Florence Aubenas ‘L’inconnu de la poste’


One evening, he’d imagined a bank job in front of the other two sat on the sofa. He’d pulled one of Corinne’s stockings over his head, waving about as if he had a shotgun. img_0248There’d be two motorbikes, one of them would be burnt at the bank, then everyone would head of into another county. He’d seen it in an american film. Rambouille shrugged his shoulders: “You don’t even have a bike license.”***


This book, my tenth read for the Prix du Roman de Rochefort 2021, is based on another true story, investigated by Florence Aubenas. In a small town in the Bugey region of France where everybody knows everybody, and the only employment in the area is ensured by the “Plastic Valley” which originally developed in the sixties and seventies in mostly family businesses with little investment or health standards. Unemployment is high as is petty crime. The postmistress is found murdered in her micro post office. At once the thought is that the murderer must be an outsider, but as none is found suspicion falls slowly falls on a marginal character, living in a run down flat opposite the post office, “the actor”, Thomassin. The opening quote of him showing his friends how he would carry out a robbery was later brought against him in the case:

Aubenas tells the story of Thomassin and his band of friends, Thomassin had been brought up from foster home to foster home, with his brother Jerôme before being discovered at a casting by a french film director looking for someone who really looked that they could live the part of the rough character in a film, a film for which he won the major award of the year for a promising young actor. But with no real outside support he was happy to show off to his friends in his housing estate and easily spent all of his money.
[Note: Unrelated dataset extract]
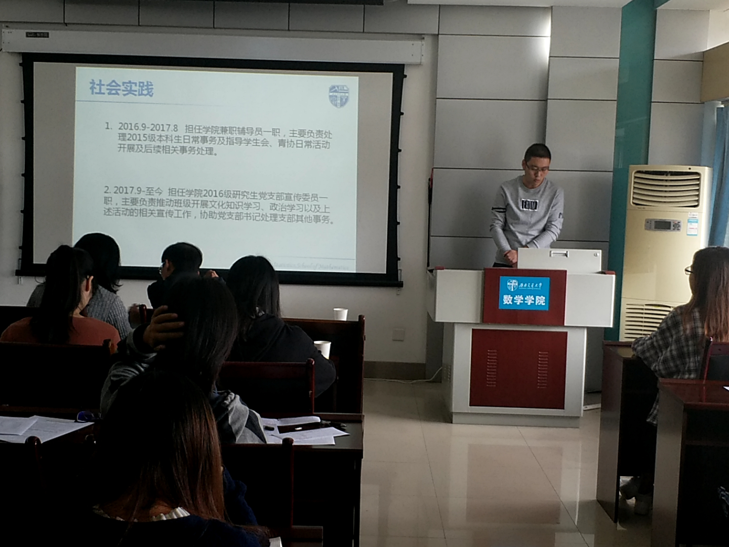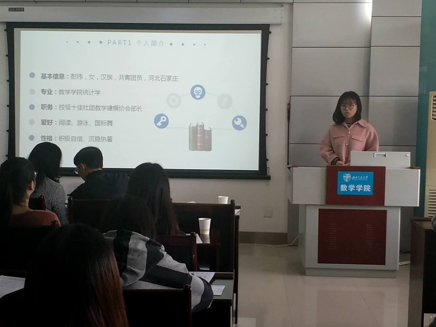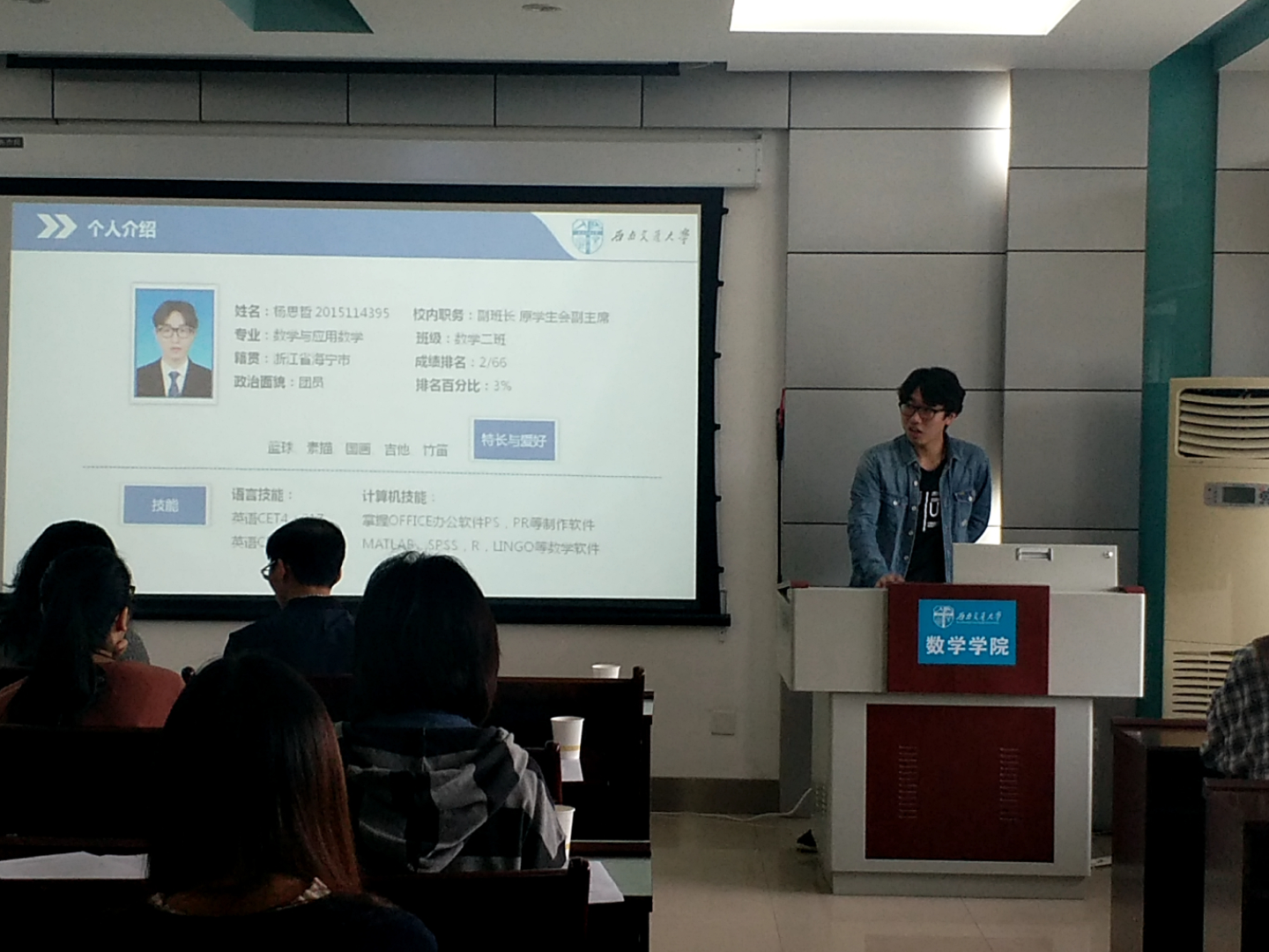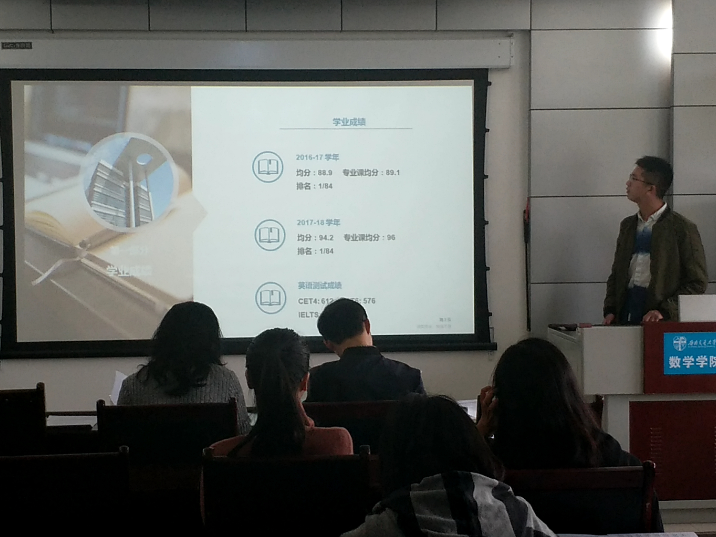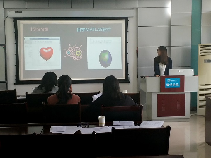 接下来轮到研究生做出答辩。这一环节,首先是研究生标兵答辩,由答辩人王慧霞、高琪、曹宇宇三人展示研究生的个人风采。他们从科学竞赛、社会实践、学习成绩等若干个方向阐述自己身为研究生的杰出方面,展现出他们的个人精神风貌以及优秀的个人综合能力

A pattern he was to repeat with each of his following more and more spaced apart films until we find him living in Bugey where he had once been weaned off drugs by a childhood friend. As after the murder the police were listening in on his phone calls, they hear him, drunk, talking to his brother about his youth:


Thomassin dials Jerôme’s number…..”at mother Picolo’s place, her son forced us to do blow jobs, we were raped.” He said “I lost my virginity when I was eight”.***


The story is a series of tragedies. The micro post office only existed because the father of Catherine Burgod, the dead woman, had been mayor for a number of years and had used his influence to keep the agency open for his daughter. Thomassin’s friends all die from substance abuse and Thomassin himself is incarcerated for several years awaiting trial before being freed when the law would not let them keep him inside any longer without trial. France’s current justice minister, a previous famous barrister had taken up his case. This was when Florence Aubenas first heard of Thomassin:


The First time I heard of Thomassin was from a Casting Director he’d worked with at the start of his acting career. She showed me some of the letters he had sent her from prison.***


Florence Aubenas keeps us on tack with this interesting read full of detailed background on each of the characters, fascinating from start to end.

First Published in french as “L’inconnu de la poste” in 2021, by L’Olivier*** my translation

The quotes as read in French before translation

Un soir, il a imaginé un braquage devant les deux autres posés sur son canapé. Il s’était enfilé un vieux bas de Corinne sur le visage, gesticulant comme avec un fusil. Il y aurait deux motos, dont l’une serait brûlée sur place, puis tout le monde se replierait dans un autre département. Il avait vu le truc dans un film américain. Rambouille avait haussé les épaules: “T’as même pas le permis.”

Thomassin compose le numéro de Jérôme……”Chez la mère Picolo, son fils nous obligeait à faire des fellations, nous avons été violés.” Il dit: “moi j’ai été dépucelé à huit ans”.

La première fois que j’ai entendu parler de Thomassin, c’était par une directrice de casting avec qui il avait travaillé á ses débuts d’acteur. Elle m’avait montré quelques-unes des lettres qu’il lui avait envoyées de prison.